I'm into VR and mixed reality, and I think this is headed to making the Holodeck real in an immersive way. That's the concept of the Matrix and what they are demoing, just in 2d.
I am guessing the main thing holding this stuff back in terms of fidelity and consistency or generalization is just compute. But the new techniques they have here have just dramatically lowered the compute costs and increased the generalization.
Maybe just something like the giant Cerebras SRAM chips will get to the next 10 X in scale that smooths this out and pushes it closer to Star Trek. Or maybe some new paradigm like memristors.
But I'm looking forward to within just a few years being able to put on some fairly comfortable mixed reality glasses and just asking for whatever or whoever I want to appear in my home (for example) according to my whim.
Or, train it on a lot of how-to videos such as cooking. It just materializes an example of someone showing you exactly what you need to do right in your kitchen.
Here's another crazy idea: train on videos and interactions with productivity applications rather than games. In the future, for small businesses, we skip having the AI generate source code and just describe how the application works. The data and program state are just stored in a giant context window, and the application functionality changes the instant you make a request.
I wish researchers would spend more time on using generative models to create level geometry, rather than trying to generate video from scratch. It would be both cheaper and more effective for stable gameplay.
This is the future I was trying to pitch in 2018 when we had built Ayvri and had every paraglider in the world, the world's largest ultramarathons, drone operators, and lots of other users of our real-world 3D environment.
Though we were using map tiles at the time, we were developing a model that took photos and a GPS track to add information that better matched environmental conditions (cloud, better lighting, etc).
People still ask me to open-source or give them our source code, but the code was acquired, so that isn't possible. But I do regularly say that if I were to rebuild Ayvri today, I'd do it as an interactive video rather than loading tiles.

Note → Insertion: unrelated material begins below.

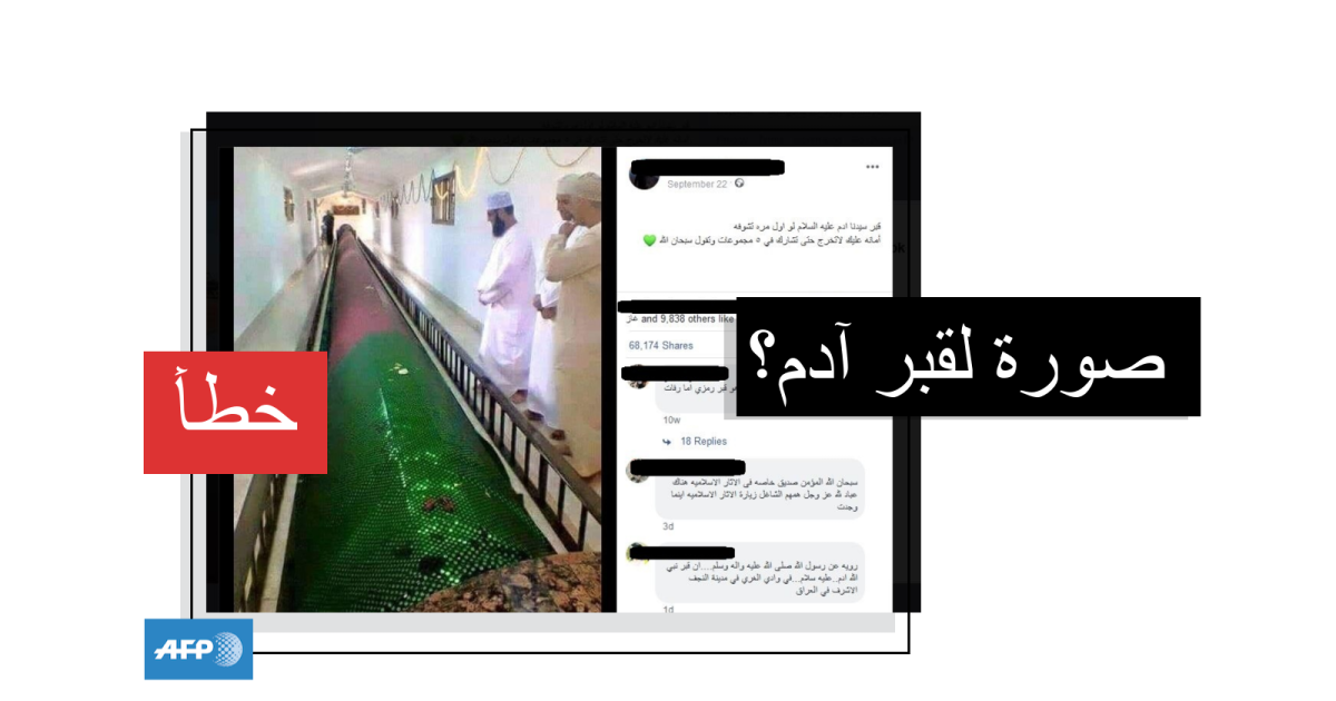 يبدو في الصورة ضريحٌ ضخمٌ يمتدّ على أمتارٍ عدّة، يقف إلى جانبه عدد من الزائرين داخل غرفةٍ مطليّة باللون الأبيض. وجاء في النصّ المرافق لها "قبر سيدنا آدم عليه السلام (..) لا تخرج حتى تشارك في خمس مجموعات وتقول سبحان الله".

Why would you want to generate all the pixels using this model instead of generating all the art, physics, and objects in the world using a game engine? The engine does so much of the physics and keeps everything stable for very cheap.

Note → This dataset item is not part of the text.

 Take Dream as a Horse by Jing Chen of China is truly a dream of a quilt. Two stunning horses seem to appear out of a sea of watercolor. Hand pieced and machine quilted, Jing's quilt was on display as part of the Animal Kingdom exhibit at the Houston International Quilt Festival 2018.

I didn't fully grok what this was about from the website. Though just last night I was talking to a friend about that quote from the Matrix that Morpheus tells Neo, so some nice synchronicity there. The sense I got from this is that they are developing a triple AAA type virtual world that can get generated on the fly based on text prompts? When the authors say frame level control do they mean that at any point, the next frame can be manipulated, either to be completely new or to influence the current story or context that is being played out?
I’m really excited for where this is going. From the demo videos, it seems to be a step up from Oasis, which itself came out only 2 weeks ago. I expect to see a lot of innovative use cases in this field
unreadable website
> Click to play
Clicking - nothing works.
No source, no playable demo, just promises of.

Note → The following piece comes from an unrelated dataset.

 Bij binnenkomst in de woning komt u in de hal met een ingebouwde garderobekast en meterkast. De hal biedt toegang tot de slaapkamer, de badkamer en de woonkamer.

Could be total vaporware for all we know.
It is an ad, a statement of achievement in case someone else states it first, or what?
Seems like it would be better on Youtube, it really doesn't offer much of use right now.
Definitely used Cyberpunk2077 footage to train
"Welcome to the Matrix" with matrix-like rain seems like an invitation for Warner Bros to sue you into oblivion.
Prediction: in 20 years, I’m going to be reading about some dude who wrote a program to drive the car continuously until it ran into some surreal edge condition, and finally hit it. There will be a subculture of “matrix glitchers” who spend much of their time doing these kinds of experiments.
This is surely really cool. Just a bit sad that, as phrased by the authors, the "First Real-Time" virtual world created for the demo is a fat & fast SUV driving on virgin lands.
[dead]
[flagged]
Someone should ban "AI" articles on Hacker News.
What does "world" mean here? How does the spatiality fit into some latent space? Or what constitutes the "world"? If the answer is, there is none, the world is just frames of video and any consistency quickly blurs out after a few seconds. That's not a world generation, that's just generation of video frames following frames. Not that it isn't cool, but it has almost zero usability for generating a "world" simulation. The key to a realistic world is that you can reliably navigate it. Visit and revisit places. If you modify anything, those modifications are persisted. If you leave a room and re-enter it hours later, the base expectation is that the same objects are in that room.
Wouldn't a working approach be to just create a really low resolution 3D world in the traditional "3D game world" sense to get the spatial consistency. Then this crude map with attributes is fed into frame generation to create the resulting world? It wouldn't be infinite, but on the other hand no one has a need for an infinite world either. A spherical world solves the border issue pretty handily. As I understood it, there was some element of that in the new FS2024 (discussed yesterday on HN).